Мне хочется еще коснуться одного частного и, казалось бы, совсем второстепенного в церковном деле вопроса о материальном обеспечении духовенства. Вопрос это стоит теперь очень остро, м. б. приближается его невольный кризис, если будет прекращена выдача государственных средств на содержание духовенства и церковных учреждений, если пробудившаяся со стихийной силой у народа жажда брать, но не давать, поведет к отобранию церковно-приходской земли и т.д. Но и помимо этой внешней стихийности уже более чем ясно стало каждому в церкви, что существующий способ обеспечения духовенства в равной мере и недостаточен и унизителен. А если вспомнить то, что было сказано о долге беспощадно бороться с торговлей в нашей церкви как с величайшей язвой нашего быта, то будет достаточно понятно, почему материальный вопрос я ставлю рядом с чисто церковными и даже богослужебным каноном.

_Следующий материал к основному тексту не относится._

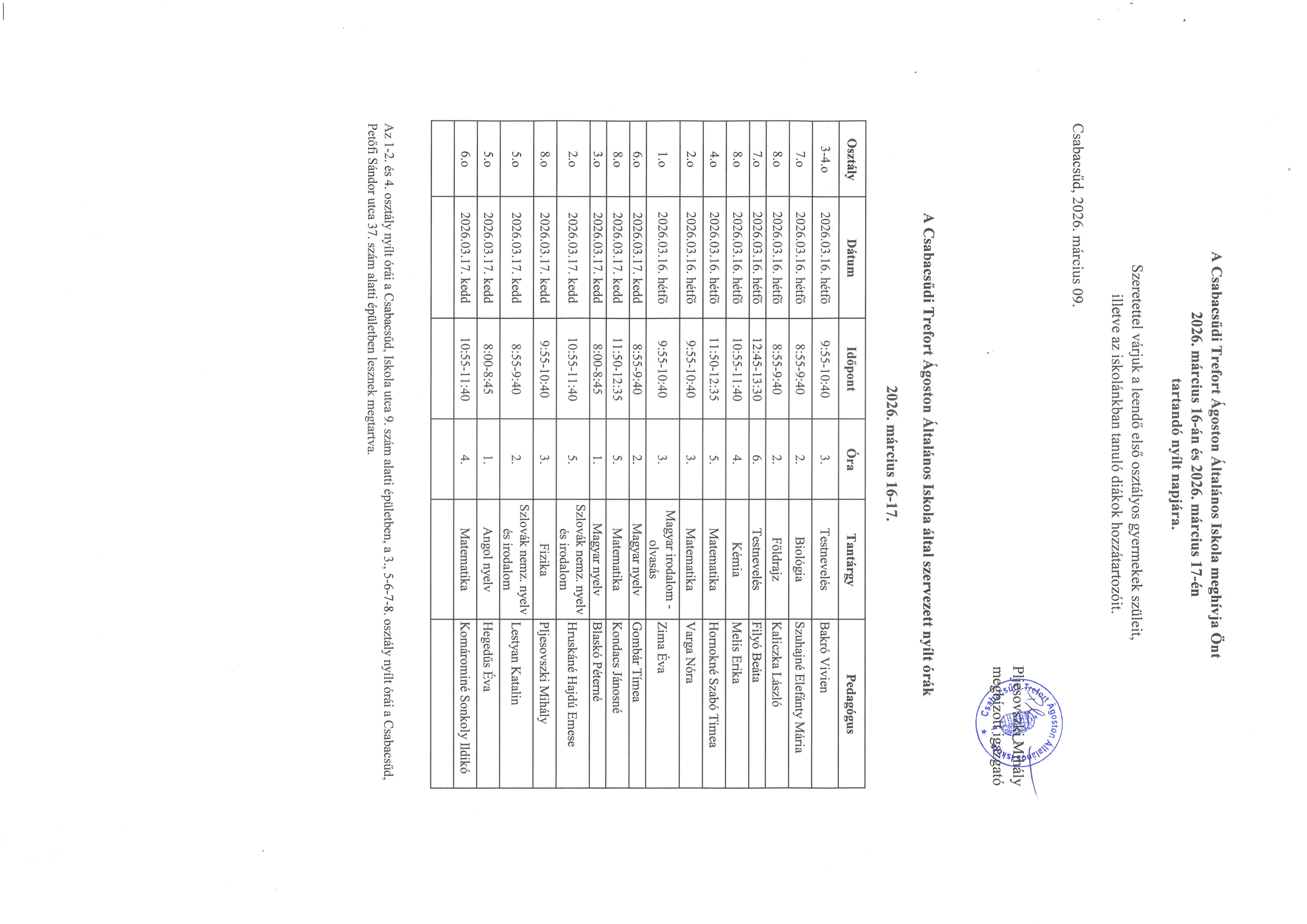A Csabacsűdi Trefort Ágoston Általános Iskola által szervezett nyílt órák

Для меня решение вопроса о содержании в церкви духовенства и церковных учреждений очень затрудняется признанием начала отделения церкви от государства желательным для интересов церковной жизни. Если так, то ясно, что о государственном жалованьи речи быть почти наверное не может. Единственным выходом является при существовании платного священства в церкви организация обеспечения духовенства самими православными. И здесь я представляю возможность двоякого пути: или каждый приход обеспечивает причт и вносит известную сумму в общецерковный фонд на содержание церковных учреждений; или же все православные обязываются определенным обложением, которое поступает в заведование центрального хозяйственного органа церкви, который ведает вопросами справедливого и равномерного вознаграждения священнослужителей и поддержания церковных учреждений. Последняя форма — централистическая и в известном смысле бюрократическая. Но я лично в материальном вопросе этого бы не страшился и даже предпочел ее. Последнее я сделал бы в силу тех соображений, что при желательности с корнем вырывать начало местничества в церкви и бороться с постоянной переменой приходов и епархий, очень важно установить одинаковые оклады содержания духовенства (вернее равномерные) и ослабить в этом случае возможное неравенство приходов и епархий.
Но не могу сказать, чтобы такое экономическое решение вопроса вполне удовлетворяло церковное чувство и до конца отвечало началу братства в церкви и принципу обще-церковной работы. Этому идеалу церковная устроения, по моему убеждению, отвечает лучше всего идея бесплатного общественного священства, горячо защищаемая и серьезно обоснованная отцом Василием Красносамарским (приходской священник в г. Самаре). Читатели „Христианской мысли" достаточно знакомы с его аргументацией. Для не читателей позволю в общих чертах напомнить основы решения пастырского вопроса о. Василием, к которому и лично я примыкаю.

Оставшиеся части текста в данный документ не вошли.